Первый и наиболе фундаментальный из этих аспектов бытия — непреодолимое упорство, с каким оно противостоит попыткам до конца свести его к «тому, что есть». Определить бытие единственно через сущность — перманентное искушение разума. Но это пари, и тот, кто его держал до конца, не мог не увидеть его произвольности. В самом деле, оно предполагает, что существование либо заключают в скобки посредством уточняющей абстракции (не оправданной ничем, кроме незнания того, что, собственно, делать с существованием); либо его подменяют неким суррогатом, который так же неприемлем для концептуального мышления, как и само существование, но вдобавок совершенно чужд сущему. Фактически единственное сверхсущностное, которое можно мыслить, не полагая его с необходимостью и радикально чуждым самой сущности, есть именно существование. Следовательно, если мы хотим мыслить реальное в его целостности, мы должны мыслить сущее в полном смысле этого термина, как общность сущности и существования. Но и в порядке нашего опыта нет такого реального сущего, которое не было бы актуально существующей сущностью и существующим, концептуализируемым посредством той сущности, которая его определяет.

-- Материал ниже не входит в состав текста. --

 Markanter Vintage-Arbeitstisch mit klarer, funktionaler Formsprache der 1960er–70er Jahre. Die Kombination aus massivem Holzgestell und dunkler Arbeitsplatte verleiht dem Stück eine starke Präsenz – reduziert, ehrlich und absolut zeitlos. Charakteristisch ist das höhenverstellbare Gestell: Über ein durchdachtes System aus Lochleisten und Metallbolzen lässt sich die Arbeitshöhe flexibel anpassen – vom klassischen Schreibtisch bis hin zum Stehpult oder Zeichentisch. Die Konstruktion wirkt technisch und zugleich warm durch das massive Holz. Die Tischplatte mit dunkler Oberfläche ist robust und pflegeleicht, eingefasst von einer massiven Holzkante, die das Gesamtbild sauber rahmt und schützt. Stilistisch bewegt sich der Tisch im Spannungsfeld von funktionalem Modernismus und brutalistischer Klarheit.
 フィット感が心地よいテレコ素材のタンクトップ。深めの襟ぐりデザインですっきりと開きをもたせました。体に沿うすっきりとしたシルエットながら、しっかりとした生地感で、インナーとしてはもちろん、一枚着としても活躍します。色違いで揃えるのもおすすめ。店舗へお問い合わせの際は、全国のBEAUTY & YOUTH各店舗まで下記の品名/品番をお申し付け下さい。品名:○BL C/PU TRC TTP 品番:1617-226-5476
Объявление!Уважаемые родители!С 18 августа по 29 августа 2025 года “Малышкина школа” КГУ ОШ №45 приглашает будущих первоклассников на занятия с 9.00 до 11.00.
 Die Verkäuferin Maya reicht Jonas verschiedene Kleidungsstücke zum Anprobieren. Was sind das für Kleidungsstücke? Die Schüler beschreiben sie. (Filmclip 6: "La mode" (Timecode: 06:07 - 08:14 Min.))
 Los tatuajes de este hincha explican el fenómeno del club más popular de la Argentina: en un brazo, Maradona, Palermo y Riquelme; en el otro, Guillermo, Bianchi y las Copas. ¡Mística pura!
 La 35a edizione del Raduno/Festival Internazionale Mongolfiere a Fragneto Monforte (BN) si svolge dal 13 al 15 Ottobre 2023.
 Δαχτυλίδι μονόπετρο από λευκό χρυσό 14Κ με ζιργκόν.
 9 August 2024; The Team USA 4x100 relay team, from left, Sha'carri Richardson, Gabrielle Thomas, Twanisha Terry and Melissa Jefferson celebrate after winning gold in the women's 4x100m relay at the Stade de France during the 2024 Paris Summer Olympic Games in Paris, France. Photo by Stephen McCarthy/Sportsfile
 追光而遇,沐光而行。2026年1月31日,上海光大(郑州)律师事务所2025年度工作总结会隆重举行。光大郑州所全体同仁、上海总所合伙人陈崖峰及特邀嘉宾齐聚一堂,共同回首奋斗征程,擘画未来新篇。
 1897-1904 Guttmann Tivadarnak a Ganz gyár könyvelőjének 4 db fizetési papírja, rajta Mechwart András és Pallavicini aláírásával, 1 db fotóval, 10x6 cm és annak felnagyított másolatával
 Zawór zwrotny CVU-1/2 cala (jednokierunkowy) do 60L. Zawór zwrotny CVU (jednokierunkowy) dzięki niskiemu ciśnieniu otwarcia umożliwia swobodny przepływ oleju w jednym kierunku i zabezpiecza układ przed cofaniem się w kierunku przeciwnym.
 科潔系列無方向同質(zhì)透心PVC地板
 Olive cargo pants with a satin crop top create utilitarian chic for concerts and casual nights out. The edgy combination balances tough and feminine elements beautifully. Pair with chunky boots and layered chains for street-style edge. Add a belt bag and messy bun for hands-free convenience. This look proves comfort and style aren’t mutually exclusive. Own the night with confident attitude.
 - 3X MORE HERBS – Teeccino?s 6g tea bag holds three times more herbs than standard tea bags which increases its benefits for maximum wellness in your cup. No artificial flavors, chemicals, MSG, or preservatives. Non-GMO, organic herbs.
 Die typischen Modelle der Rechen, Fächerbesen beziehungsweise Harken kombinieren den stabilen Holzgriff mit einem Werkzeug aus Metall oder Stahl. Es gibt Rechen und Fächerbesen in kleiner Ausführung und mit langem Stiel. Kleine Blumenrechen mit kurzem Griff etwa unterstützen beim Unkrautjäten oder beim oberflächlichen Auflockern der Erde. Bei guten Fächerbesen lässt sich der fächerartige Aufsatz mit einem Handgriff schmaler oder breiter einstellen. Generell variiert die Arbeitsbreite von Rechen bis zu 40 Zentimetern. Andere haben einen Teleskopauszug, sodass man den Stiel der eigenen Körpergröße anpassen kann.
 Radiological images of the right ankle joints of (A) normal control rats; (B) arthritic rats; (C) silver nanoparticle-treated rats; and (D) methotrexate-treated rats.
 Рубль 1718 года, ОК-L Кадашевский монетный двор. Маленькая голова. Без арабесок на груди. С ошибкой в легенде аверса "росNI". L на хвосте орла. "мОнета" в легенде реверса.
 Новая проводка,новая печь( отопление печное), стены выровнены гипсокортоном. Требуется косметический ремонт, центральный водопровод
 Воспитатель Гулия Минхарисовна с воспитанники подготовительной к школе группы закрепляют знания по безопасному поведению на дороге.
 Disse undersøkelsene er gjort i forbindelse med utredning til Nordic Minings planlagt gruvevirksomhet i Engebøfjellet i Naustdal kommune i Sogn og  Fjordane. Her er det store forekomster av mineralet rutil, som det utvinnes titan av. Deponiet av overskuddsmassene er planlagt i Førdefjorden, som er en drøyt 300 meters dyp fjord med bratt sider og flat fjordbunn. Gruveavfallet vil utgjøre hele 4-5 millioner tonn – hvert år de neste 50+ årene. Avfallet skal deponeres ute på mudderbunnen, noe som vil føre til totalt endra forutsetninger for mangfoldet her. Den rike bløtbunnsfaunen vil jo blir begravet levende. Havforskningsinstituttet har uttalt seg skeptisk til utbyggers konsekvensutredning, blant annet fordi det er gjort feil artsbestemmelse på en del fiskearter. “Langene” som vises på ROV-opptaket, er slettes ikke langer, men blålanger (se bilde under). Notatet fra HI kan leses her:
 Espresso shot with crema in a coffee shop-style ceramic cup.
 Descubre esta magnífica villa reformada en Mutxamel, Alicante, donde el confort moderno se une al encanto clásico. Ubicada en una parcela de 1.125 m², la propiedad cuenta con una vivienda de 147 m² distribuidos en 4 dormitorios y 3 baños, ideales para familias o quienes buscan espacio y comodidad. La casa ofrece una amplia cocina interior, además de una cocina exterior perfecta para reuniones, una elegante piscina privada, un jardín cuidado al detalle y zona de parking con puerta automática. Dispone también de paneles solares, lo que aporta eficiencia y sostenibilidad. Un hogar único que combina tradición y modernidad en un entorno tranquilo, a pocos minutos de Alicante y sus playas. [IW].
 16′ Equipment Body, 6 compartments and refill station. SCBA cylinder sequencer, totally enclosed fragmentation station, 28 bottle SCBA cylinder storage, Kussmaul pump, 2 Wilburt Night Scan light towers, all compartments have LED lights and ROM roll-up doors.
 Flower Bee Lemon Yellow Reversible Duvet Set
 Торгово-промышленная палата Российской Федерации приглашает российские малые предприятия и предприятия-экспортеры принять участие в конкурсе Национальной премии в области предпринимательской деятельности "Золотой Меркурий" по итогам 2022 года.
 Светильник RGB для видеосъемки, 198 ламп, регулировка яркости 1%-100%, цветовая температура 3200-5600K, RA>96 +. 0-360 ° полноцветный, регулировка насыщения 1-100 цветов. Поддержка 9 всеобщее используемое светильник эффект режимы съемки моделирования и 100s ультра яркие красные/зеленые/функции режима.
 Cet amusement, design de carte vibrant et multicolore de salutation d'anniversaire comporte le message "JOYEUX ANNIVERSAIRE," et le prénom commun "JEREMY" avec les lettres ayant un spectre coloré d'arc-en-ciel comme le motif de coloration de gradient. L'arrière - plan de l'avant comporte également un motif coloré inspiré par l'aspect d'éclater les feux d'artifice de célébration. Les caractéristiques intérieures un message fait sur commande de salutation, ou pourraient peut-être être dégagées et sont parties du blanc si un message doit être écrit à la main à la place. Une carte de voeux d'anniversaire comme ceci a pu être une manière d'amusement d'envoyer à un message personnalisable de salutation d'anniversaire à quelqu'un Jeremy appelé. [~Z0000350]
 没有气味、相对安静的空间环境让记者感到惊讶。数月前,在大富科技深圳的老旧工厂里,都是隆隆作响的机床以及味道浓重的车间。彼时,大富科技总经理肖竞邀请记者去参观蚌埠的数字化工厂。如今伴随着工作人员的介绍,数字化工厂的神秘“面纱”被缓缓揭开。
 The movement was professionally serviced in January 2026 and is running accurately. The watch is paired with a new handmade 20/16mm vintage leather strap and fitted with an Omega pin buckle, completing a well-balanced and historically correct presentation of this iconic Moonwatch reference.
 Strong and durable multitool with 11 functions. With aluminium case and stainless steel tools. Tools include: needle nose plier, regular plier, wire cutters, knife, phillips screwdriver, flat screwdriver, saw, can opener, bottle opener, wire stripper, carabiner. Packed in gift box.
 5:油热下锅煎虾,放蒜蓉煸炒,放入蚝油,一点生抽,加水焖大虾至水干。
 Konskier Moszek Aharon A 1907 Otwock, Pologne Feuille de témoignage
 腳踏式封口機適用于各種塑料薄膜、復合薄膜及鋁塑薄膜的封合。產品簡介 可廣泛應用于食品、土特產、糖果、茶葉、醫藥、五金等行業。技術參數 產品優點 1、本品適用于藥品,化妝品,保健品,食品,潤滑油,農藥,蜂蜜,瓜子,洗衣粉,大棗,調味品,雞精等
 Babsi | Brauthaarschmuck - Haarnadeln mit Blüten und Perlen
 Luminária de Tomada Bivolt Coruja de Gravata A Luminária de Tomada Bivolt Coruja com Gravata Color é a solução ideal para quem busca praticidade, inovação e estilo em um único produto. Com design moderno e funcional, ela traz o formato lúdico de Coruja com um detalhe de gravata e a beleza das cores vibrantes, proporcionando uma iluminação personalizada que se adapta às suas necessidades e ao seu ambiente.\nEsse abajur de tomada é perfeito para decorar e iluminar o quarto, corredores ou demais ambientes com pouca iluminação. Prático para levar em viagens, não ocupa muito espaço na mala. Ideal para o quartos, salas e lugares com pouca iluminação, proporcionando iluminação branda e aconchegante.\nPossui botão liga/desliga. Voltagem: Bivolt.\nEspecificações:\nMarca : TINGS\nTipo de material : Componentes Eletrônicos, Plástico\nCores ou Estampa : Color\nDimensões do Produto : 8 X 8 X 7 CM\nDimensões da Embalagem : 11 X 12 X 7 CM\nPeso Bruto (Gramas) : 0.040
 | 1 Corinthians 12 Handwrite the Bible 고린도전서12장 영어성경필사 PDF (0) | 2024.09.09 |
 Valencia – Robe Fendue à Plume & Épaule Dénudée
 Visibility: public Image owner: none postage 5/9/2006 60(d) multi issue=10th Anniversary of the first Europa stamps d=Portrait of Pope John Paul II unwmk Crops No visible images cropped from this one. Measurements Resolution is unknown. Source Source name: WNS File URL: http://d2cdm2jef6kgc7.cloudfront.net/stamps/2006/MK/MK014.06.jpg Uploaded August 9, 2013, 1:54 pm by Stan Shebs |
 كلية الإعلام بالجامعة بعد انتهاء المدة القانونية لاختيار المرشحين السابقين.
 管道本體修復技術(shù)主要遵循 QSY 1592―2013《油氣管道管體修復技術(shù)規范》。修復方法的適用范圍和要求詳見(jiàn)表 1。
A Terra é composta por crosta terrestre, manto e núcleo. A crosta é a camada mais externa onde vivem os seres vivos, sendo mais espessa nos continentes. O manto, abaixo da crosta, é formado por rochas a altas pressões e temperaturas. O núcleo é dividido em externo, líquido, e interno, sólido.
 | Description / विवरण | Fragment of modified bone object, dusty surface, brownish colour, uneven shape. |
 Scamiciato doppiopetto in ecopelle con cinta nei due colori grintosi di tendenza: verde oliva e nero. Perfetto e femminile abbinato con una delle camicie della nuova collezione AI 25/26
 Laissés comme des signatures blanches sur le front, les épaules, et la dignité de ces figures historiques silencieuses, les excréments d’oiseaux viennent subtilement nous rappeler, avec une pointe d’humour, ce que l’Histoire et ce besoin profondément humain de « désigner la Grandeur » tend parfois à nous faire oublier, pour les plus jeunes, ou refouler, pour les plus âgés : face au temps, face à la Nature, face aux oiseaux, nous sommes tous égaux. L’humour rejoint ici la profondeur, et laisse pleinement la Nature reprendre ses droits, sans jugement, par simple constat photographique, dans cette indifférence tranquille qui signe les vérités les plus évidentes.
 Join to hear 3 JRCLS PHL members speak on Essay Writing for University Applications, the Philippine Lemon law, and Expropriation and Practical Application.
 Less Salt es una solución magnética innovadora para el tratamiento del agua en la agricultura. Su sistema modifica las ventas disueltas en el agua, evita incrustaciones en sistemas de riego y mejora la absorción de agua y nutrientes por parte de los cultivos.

Из этих двух элементов реального на первое место надлежит поместить тот, без которого проблему интеллигибельности реального нельзя даже поставить. Мы говорим о существовании. Без него ни о чем не может быть речи, даже о возможном. Но чистое существование, судя по нашему опыту, остается неуловимым и позволяет мыслить себя только посредством той или другой из своих модальностей. Несомненно, именно этим объясняется тот факт, что философы, громче всех заявляющие сегодня о своей приверженности существованию, на деле говорят совсем о другом и анализируют под именем существования модальности, свойственные человеческому Dasein, т. е. лишь одному из модусов существования как такового. Поэтому нужно вернуться к фундаментальной интуиции Платона, полностью проясненной Плотином и Скотом Эриугеной, согласно которой сущее включает в себя непосрественное и первичное проявление сверхсущностного, его являющее, но не исчерпывающее. Выбор этого «сверх» и составляет то самое изначальное рациональное полагание, в котором решается, чем будут наши метафизические учения о сущем и о причинах, наша натурфилософия и этика, — одним словом, наша философия. Интеллигибельное бытие можно мыслить вслед за Платоном как «агатофанию» [явление Блага], или, вслед за Плотином, как «генофанию» [явление Единого], или, наконец, вместе с Эриугеной, как «теофанию» [явление Бога]; но какой бы выбор мы ни сделали, он раз и навсегда увлекает метафизику на путь, с которого ей отныне уже не сойти.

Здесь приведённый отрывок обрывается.